Eric Tkaczyk’s video installation /ˈsent(ə)nəl/ explored issues of alienation, privacy, and surveillance in the Information Age. The project used projection-mapping and privacy film to display flickering eyes on the street-facing windowpanes of the BAF Garage. The installation mimicked the screen-mediated nature of online communication, creating a similar partitioned interaction between audience and projector.

Read on to learn about Tkaczyk’s practice and the motivations behind his engaging installation.

BAF

Your work often incorporates references to the body, either through direct representation or through materials close to the body, such as nylon stockings. Can you speak to this? Do you see the body as always present in your work?

ET

The body is always present in my work, either through investigations of embodied or disembodied experiences. Identity is deeply complex, and I find it increasingly difficult to tightly grasp a sense of self in a world that pulls you in so many directions.

In my material practice, my nylon works consider queerness, sentimentality, gender dysphoria, loss and intimacy. In my media works, I investigate identity in digital space and the disembodiment which ensues— disrupting my sense of self. I consider questions of what is a real body, and what isn’t. Where does the line between the physical self and the digital self get drawn?

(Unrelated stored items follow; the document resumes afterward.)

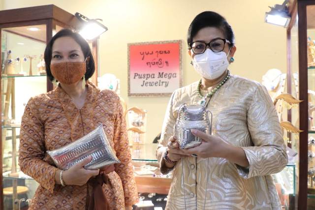 “Produk-produk kerajinan unggulan tersebut kita pamerkan dan kita jual, baik secara offline maupun online. Salah satu bentuk dukungan nyata kita kepada UMKM, antara lain dengan membeli produk kerajinan asli dari para perajin. Mari kita dukung perajin untuk bangkit dan terus berkreasi,” ujarnya, mengajak.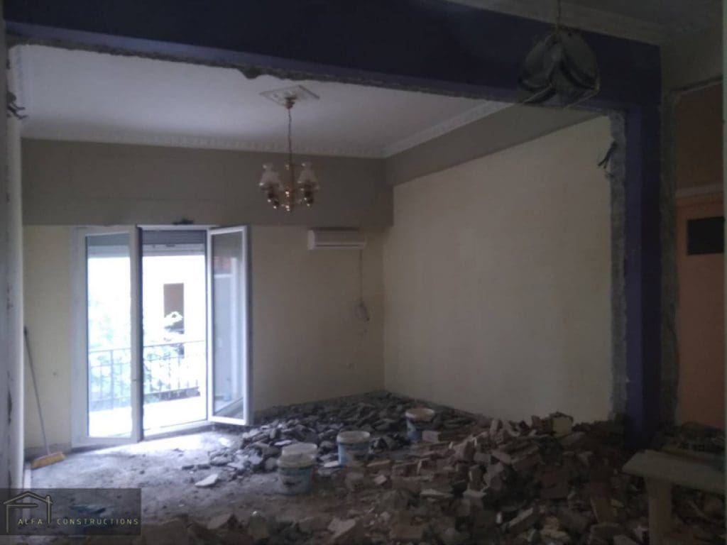 Εφόσον καθαιρέθηκαν οι τοίχοι που ήταν απαιτητό για την νέα διαρρύθμιση, αποξηλώθηκαν όλα τα παλαιά μωσαϊκά του σπιτιού, και όλες οι παλαιές υδραυλικές και ηλεκτρολογικές εγκαταστάσεις.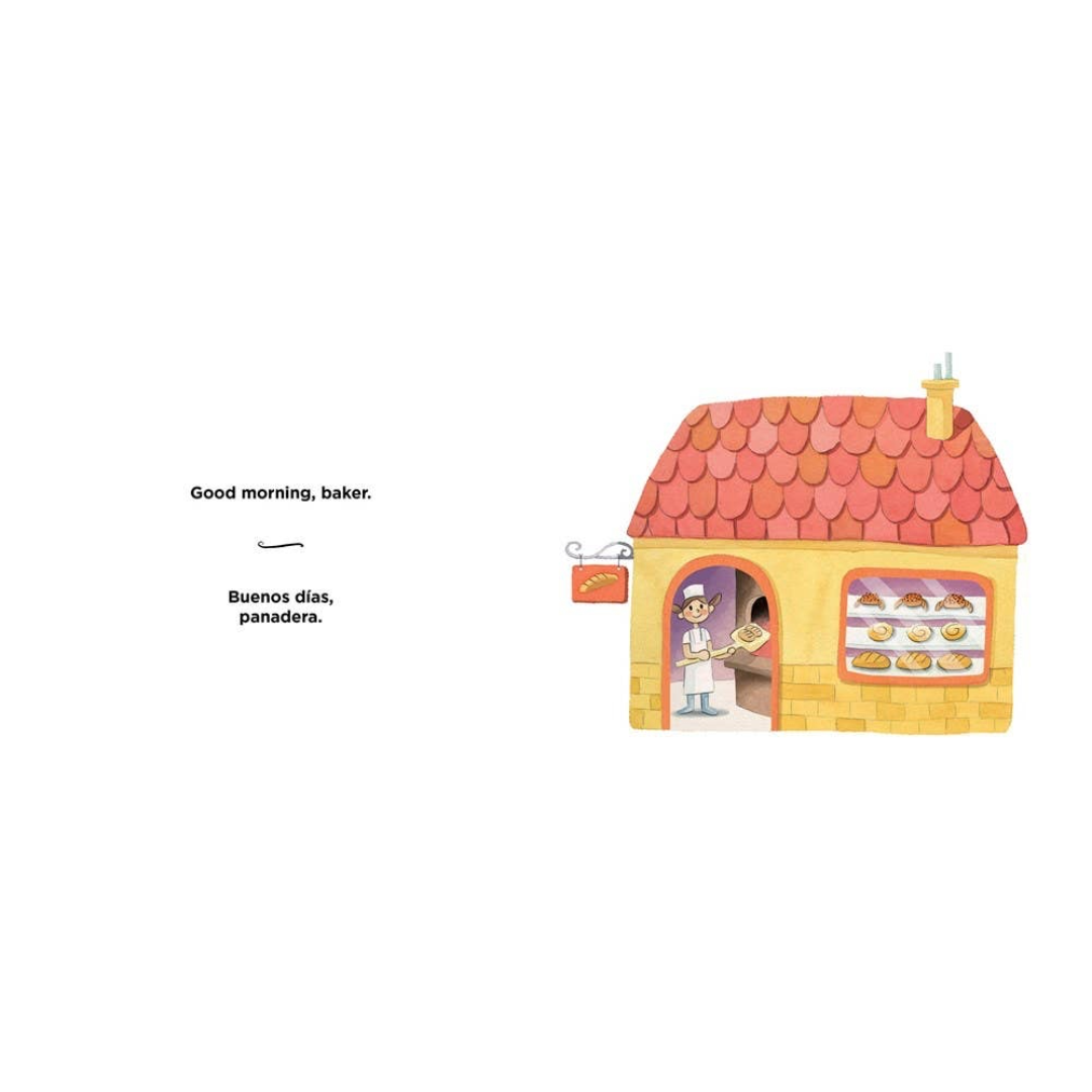 A bilingual slide-the-tab board book, with text in English and Spanish. Cleverly introduce basic ideas about what happens in the morning when you wake up, including a rooster crowing, an alarm clock ringing, Dad shaving, and neighbors making coffee. The tabs add fun and unexpected movement for illustrator Xavier Salomó’s simple but engaging art.

I also acknowledge that my work becomes deracialized as a white-bodied subject, and am active in my awareness of this privilege.

BAF

On one hand, /ˈsent(ə)nəl/ creates a meeting place—a destination in front of which to gather in person. On the other hand, the street outside BAF is quiet at night, and can feel isolated. How much did location influence your conception of /ˈsent(ə)nəl/?

ET

I think that, much like our communication in online spaces, there is a blurred line between being with others and being alone. This seems like an appropriate comparison to the installation and the metaphorical space it occupies.

When I first moved to this city, I was quickly taken aback by a sense of coldness and distance between the people living in it. Often times, strangers on the street will not make eye contact or return a smile. The more I got to know the social landscape, the more I found that people are occupied by their digital personas— and the coldness that comes with that had translated into physical space. There is a sense of status and keeping up appearances that provokes anxiety in me. I began to feel as though people were more concerned with wanting to be seen, rather than wanting to see.

The Garage feels like one of these spaces— in between connected and disconnected, social and isolated. With /ˈsent(ə)nəl/, I tried to highlight this liminality through both concept and execution.

BAF

/ˈsent(ə)nəl/ runs all hours, meaning it is quite dim on sunny days. Do you see this constancy as essential to the work?

ET

The constancy of the projection was important in /ˈsent(ə)nəl/, despite the dimness of the image in the daylight. I took interest in how the digital image would respond to the physical world by lessening its clarity in the light. It made it so the viewer really had to look for the projection, rather than being so directly confronted by it when it was at its strongest in the dark. In the daylight, the viewer must actively look for the projection, whereas at night, the projection looked at the viewer.

BAF

You have created significant bodies of work in both painting and new media. Are you led by concept or medium? Do you see these two material approaches as interchangeable within your practice?

ET

I think that I am led by concept and medium in tandem with one another. Often times, the things I want to say with my work are better suited to a digital or media-based outcome like projection or video. The concept is more clearly stated when the medium is intangible or ethereal like in /ˈsent(ə)nəl/.

My background, however, is in painting and print media, and there will always be a part of me that needs to express myself through physical materials. Tactile experience is something I will never abandon, and the concepts that I explore in these projects are influenced by the materials that suit them.

BAF

What is next for you? Any exciting upcoming projects you’d like to share about?

ET

A new video work, beyond the scrim (2022), will be screening at Grunt Gallery’s MPCAS between April 15 and October 15, 2022. This video project, like /ˈsent(ə)nəl/, responds to the particular architecture of the building where the public screen is displayed—highlighting the tension between real and unreal spaces.

Eric Tkaczyk’s /ˈsent(ə)nəl/ was exhibited at in the BAF Garage from November 18, 2021 to March 19, 2022.